I posted the below item on "The Hearth room".  They recommended I post here for comments.

Some of the comments from them were that vent free stoves were dangerous.   What are the pros and cons of a vent free compared to a direct vent gas stove.  It appears I would pay a little more for a vented one (mostly the cost of installing the vent).

My original post follows-------------------------------------------


any comments would be appreciated.

I just put a 12 x 22 addition on my house.  I call it an adirondack room, the walls , cathedral ceilings and floor are knotty pine.  I always planned on putting a wood stove in it.  But now i am being steered towards gas.  The cons for the wood stove to me (as i see them) are:

more costly (double wall chimneys aren’t cheap), seasoned wood by me is about $275 to 300 a cord.

lots of work.. hauling in wood, cleaning up the mess, getting wood, ashes, starting the fire.

I would need a bigger hearth.

Being a lazy person, I see myself going the gas way.  But that would take away from the Adirondack theme.

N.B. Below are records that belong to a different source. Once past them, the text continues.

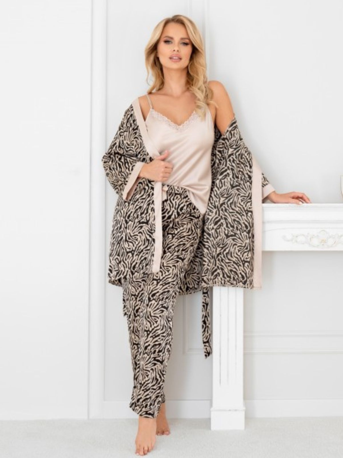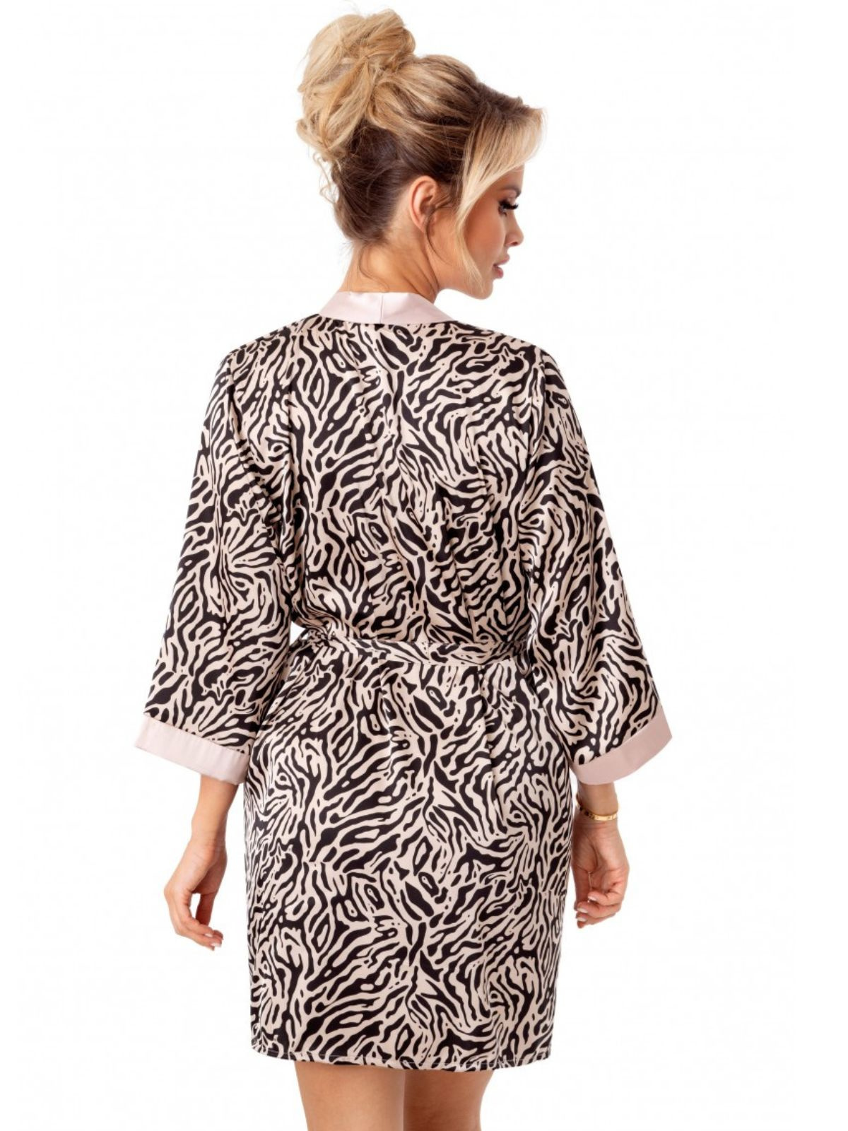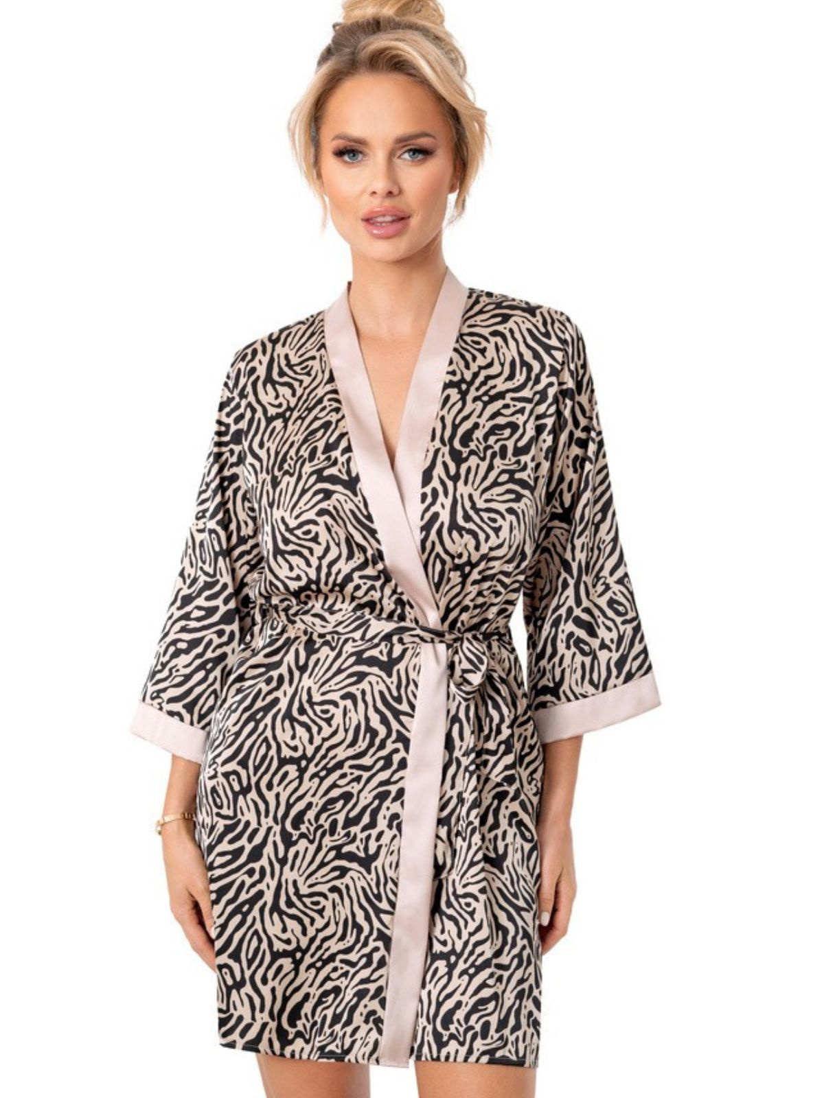 Odkryj szlafrok satynowy damski, który łączy w sobie wyjątkowy design, komfort i styl. Wykonany z delikatnej, miękkiej satyny, zapewnia luksusowe uczucie przy każdym dotyku. Satynowy szlafrok z printem w efektowny wzór zwierzęcy doda Twojej stylizacji niepowtarzalnego charakteru – to idealny wybór dla osób ceniących modne akcenty w domowym looku.
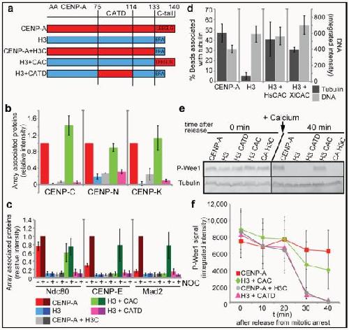 Figure 4. The CENP-A C-terminus is required for centromere and kinetochore assembly in Xenopusegg extract(a) A schematic showing the different CENP-A/H3 chimeras used in this study. The numbers on top represent the amino acid (AA) within HsCENP-A. (b) Quantification of immunofluorescence analysis of CENP-C, CENP-K and CENP-N recruitment to wild type and chimeric arrays. The relative amounts of each centromere protein bound to the arrays are shown relative to CENP-A arrays set to 1. Error bars represent SEM, n = 3 (p ≤ 0.05 for all proteins binding to CENP-A arrays compared to chimeric arrays except for the H3 arrays containing the CENP-A C-terminus). (c) Quantification of immunofluorescence analysis of Ndc80, CENP-E, Mad2 recruitment to chimeric chromatin arrays with (+) and without (−) nocodazole (NOC). Values are displayed relative to CENP-A arrays in the presence of nocodazole set to 1. Error bars represent SEM, n = 4. The efficiencies of recruitment of kinetochore proteins to CENP-A and H3+CAC arrays in nocodazole were not statistically distinguishable (p ≥ 0.26 for Ndc80, CENP-E and Mad2). (d) Quantification of microtubule binding to CENP-A, H3, H3+HsCAC and H3+XlCAC chromatin arrays represented as percentage of beads associated with tubulin levels above threshold (dark grey bars, left y-axis). Average DNA levels on chromatin beads are shown representing the levels of chromatin arrays bound to beads (light grey bars, right y-axis). Error bars represent SEM, n = 4 for CENP-A and H3 arrays, n = 5 for H3+HsCAC arrays and n = 2 for H3+XlCAC arrays. (e) Western blot analysis shows phospho-Wee1 (P-Wee1) levels as an indicator of the cell cycle stage at t 0′ (0 min) and t 40′ (40 min) after mitotic exit. Tubulin levels are shown as a loading control. (f) Quantification of the phospho-Wee1 signal intensity over time (P-Wee1). Error bars represent SEM, n = 5.
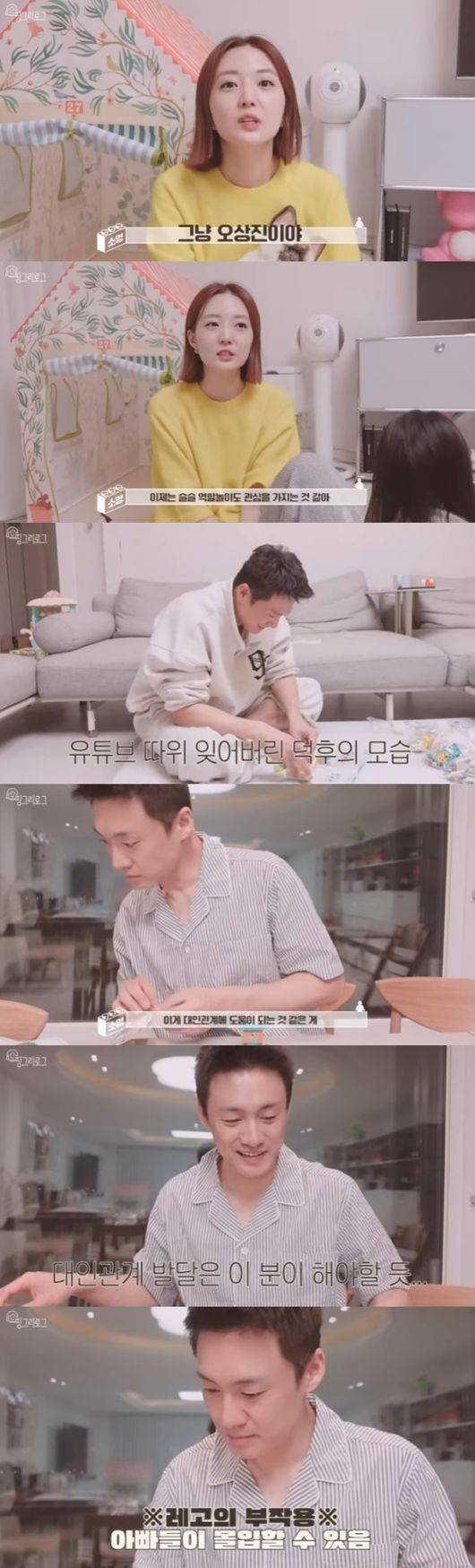 이후 오상진은 딸과 함께 레고를 조립하며 함께 시간을 보냈다. 한껏 열중한 두 사람을 지켜본 김소영은 "이 영상을 보니까 떠오르는 단어가 있다. 오덕후들. 정말 귀여운 덕후들의 모습이다"라고 말했다. 이어 집중하느라 대답조차 제대로 하지 않는 딸을 보며 "대답을 안하시는 모습이 참 닮으셨네요"라고 말했고, "누구랑?"이라는 오상진에 "님이랑요. 근데 오빠는 수아가 오빠랑 성격이 진짜 똑같지 않나. 집중하고 있을때 대답 잘 안하고 그럴때 어때? 나의 고통을 이해해?"라고 궁금해 했다.

The gas stove i am looking at is from monessen, I would choose the black color.

http://www.monessenhearth.com/index.asp?rgn=USA&pag=product/ventfree/CSVF.asp

Any help or ideas wood be appreciated.


----------



## SteveT (Oct 24, 2008)

My thoughts:

1. With the safety ratings and code approvals it is probably unfair to say an unvented stove is unsafe. That said I'd NEVER have one in my house. I just do not like the idea of combustion without venting.

2. The cost of the gas has to be factored... look at a $/BTU comparison and see what you actually would pay.

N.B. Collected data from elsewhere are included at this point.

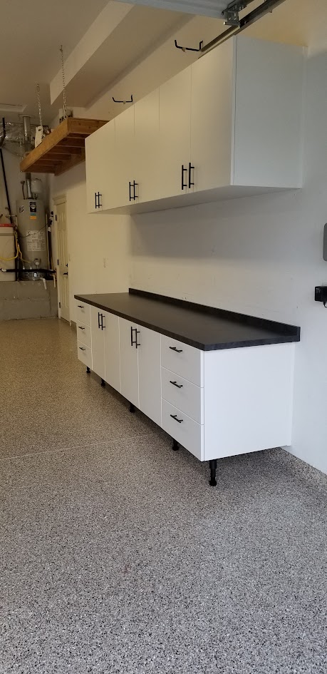 This project features custom white garage cabinets paired with an epoxy / polyaspartic floor coating in our popular Almond Blend—a clean, timeless look that instantly elevates the entire space.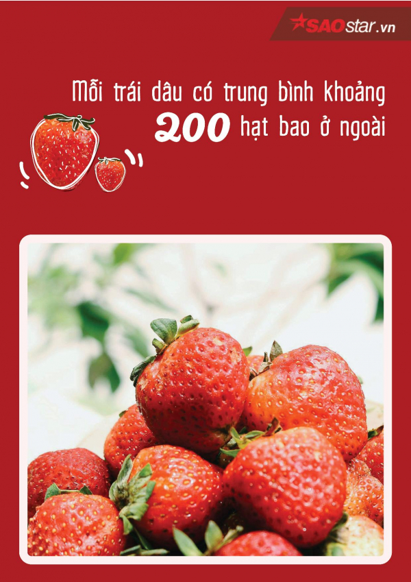 4. Dâu là loại trái cây duy nhất có hạt ở ngoài. Ước tính một trái dâu có trung bình khoảng 200 hạt bao bọc lấy chúng.
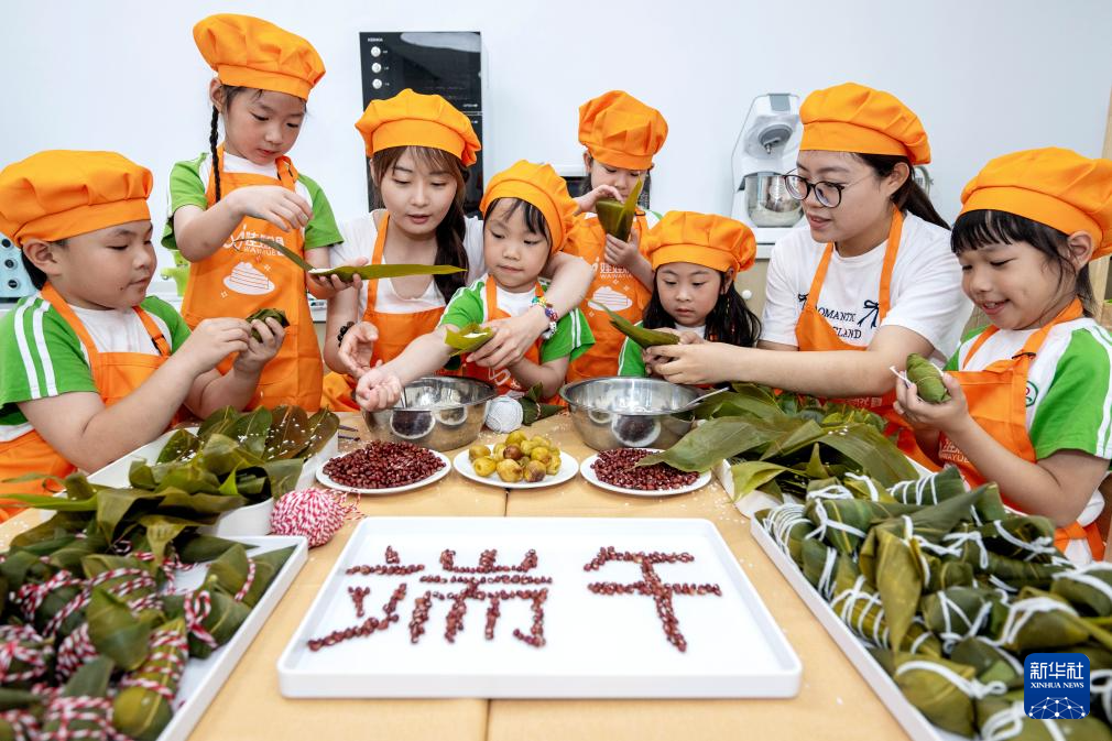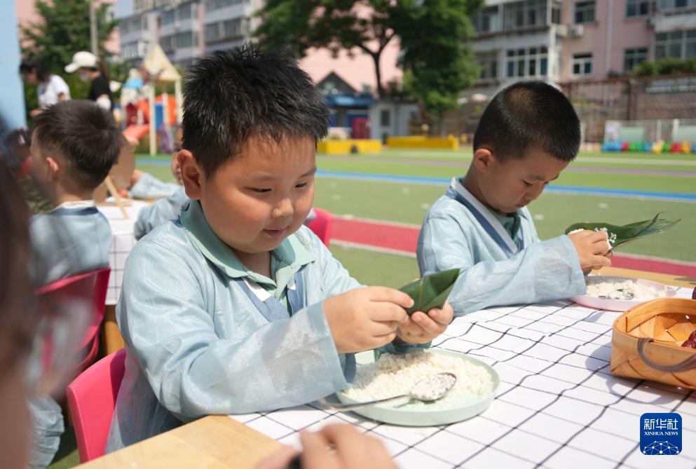 6月6日,在山东省潍坊市潍城区实验小学幼儿园,孩子们在体验包粽子。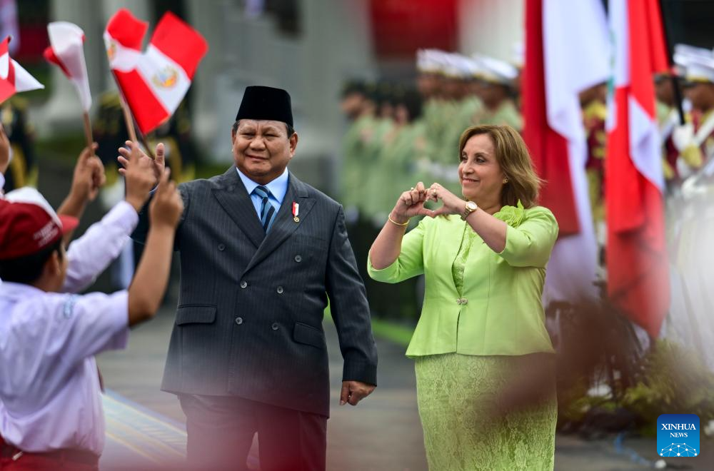 Indonesian President Prabowo Subianto (L) and Peruvian President Dina Boluarte gesture to students as they inspect the guard of honor during a welcome ceremony at Merdeka Palace in Jakarta, Indonesia, Aug. 11, 2025. (Xinhua/Zulkarnain)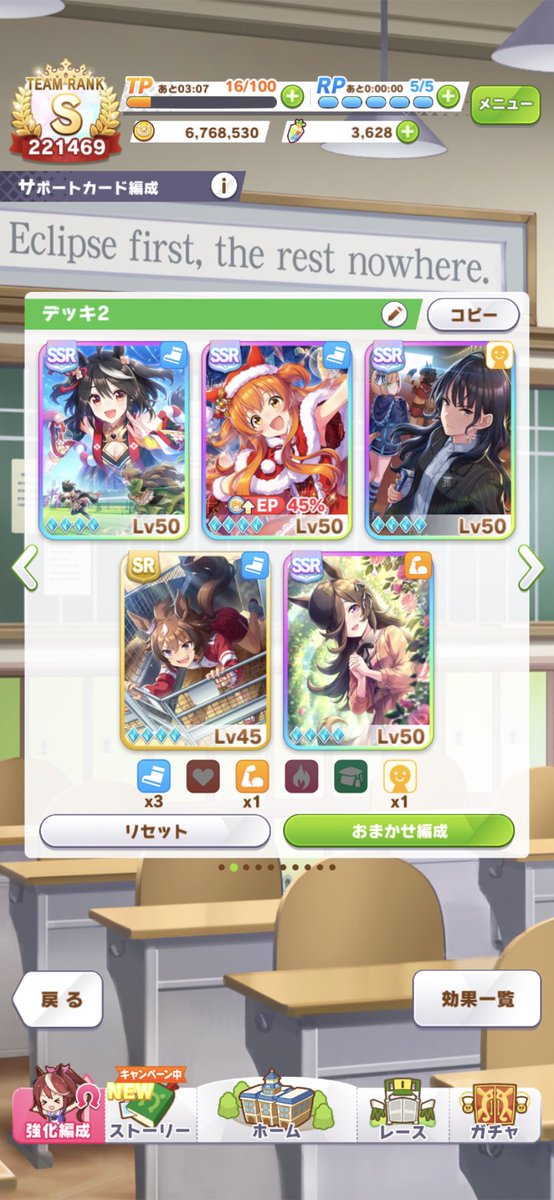 782: 名無しのトレーナー 2021/12/16(木) 02:29:10.43 ID:j+Ix/AUda追い込み作るのにどんなサポート編成でやってますか。おすすめ求む。SSスピードゴルシ

3. Planning a year ahead you can buy unseasoned wood and not pay such a high price. Around here most wood sellers charge about 2/3rd the price for fresh cut as "seasoned". With a little effort some of your wood will be free (and that's a great feeling).

4. Wood burning is a chore but it is a pleasant chore. 

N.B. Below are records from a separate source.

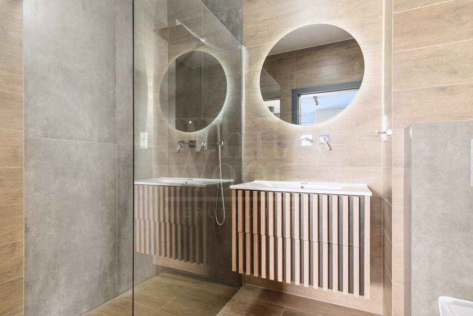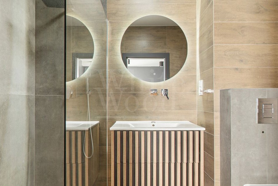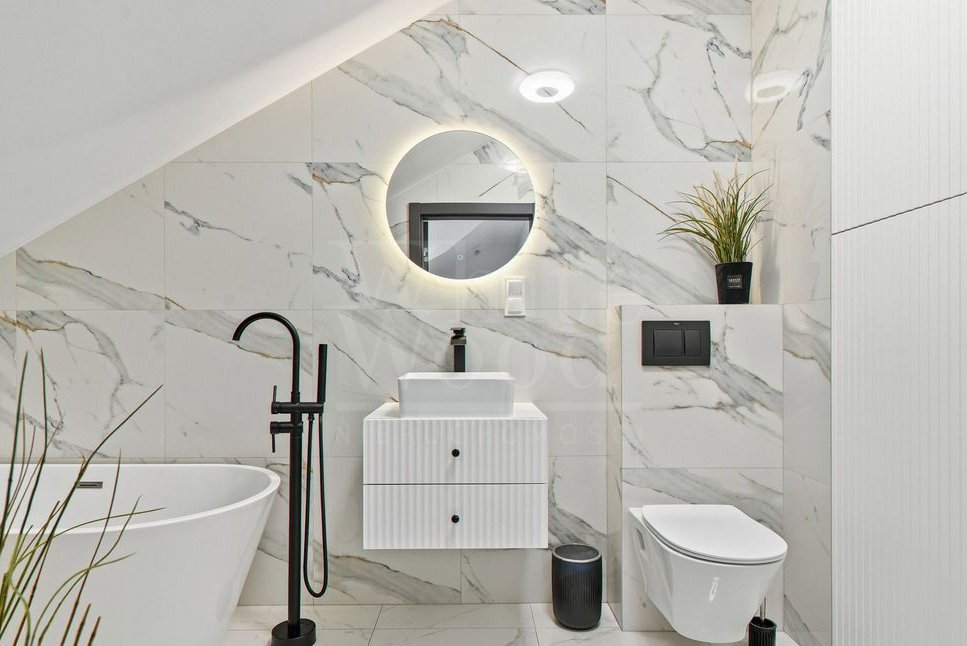 Nowoczesna łazienka z prysznicem i wbudowanym nagłośnieniem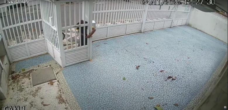 Ciclista passa por prédio do Embaré e resolve "trancar" o portão com o cadeado da bicicleta; Video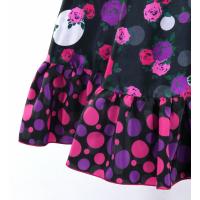 フラメンコ フリル ロングサーキュラースカート ローズ×水玉 ブラック×ピンク S-Lサイズ FS-13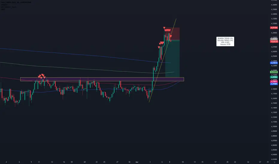 Salve, sono il Trader Andrea Russo e oggi voglio mostrarvi un'opportunità di investimento SHORT su EUR/PLN. Attualmente ci troviamo su un grafico a 4 ore (4H), e alcuni indicatori tecnici suggeriscono una pressione ribassista in aumento. I segnali di eccesso di acquisto e la perdita di slancio suggeriscono che potremmo trovarci di fronte a una possibile inversione al ribasso, rendendo questa configurazione particolarmente interessante.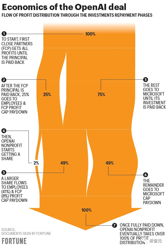 3. 在OpenAI的利润达到920亿美元之后,微软的持股比例下降到49%。剩余部分利润由其他风险投资者和OpenAI的员工分享。
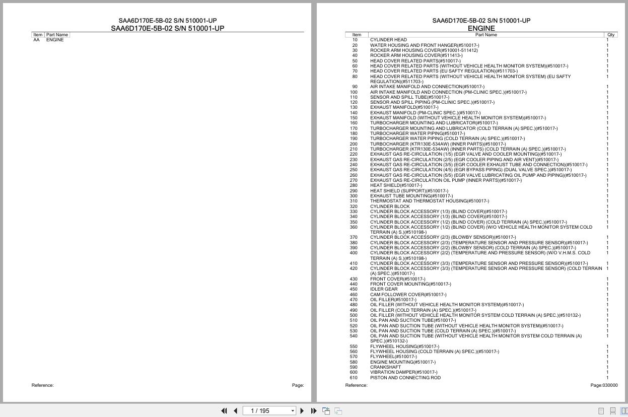Komatsu SAA6D170E-5B-02 510001-UP Engine Parts Catalog PDF

5. The "Adirondack Effect" is worth a whole lot!


----------



## Redox (Oct 26, 2008)

Another big difference is the type (cost) of gas.  Natural gas is a relative bargain, especially if you have to pay $300/cd.  Propane is going to be more costly, but what value do you put on convenience?  If you are trying to keep one or two rooms warm and currently heat with oil, the propane might be a good choice.  

I agree with EngineRep as I wouldn't want an unvented heater in my house either.  It's just too easy for something to go wrong and they start making CO.  The vent shouldn't be that expensive; you can use B vent which is a whole lot less expensive than class A.  

Chris


----------



## tubbster (Oct 26, 2008)

Vent free damaged my house.

How about a direct vent unit? There sure are plenty to choose from. Vent straight out the wall.


----------



## alexdrozd (Nov 7, 2008)

How about a pellet stove?


----------



## tubbster (Nov 7, 2008)

ssman said:
			
		

> How about a pellet stove?



Why deal with storing pellets, noise, smoke, and MAINTENANCE when you have economical, clean gas available? (easy delivery of fuel also!)


----------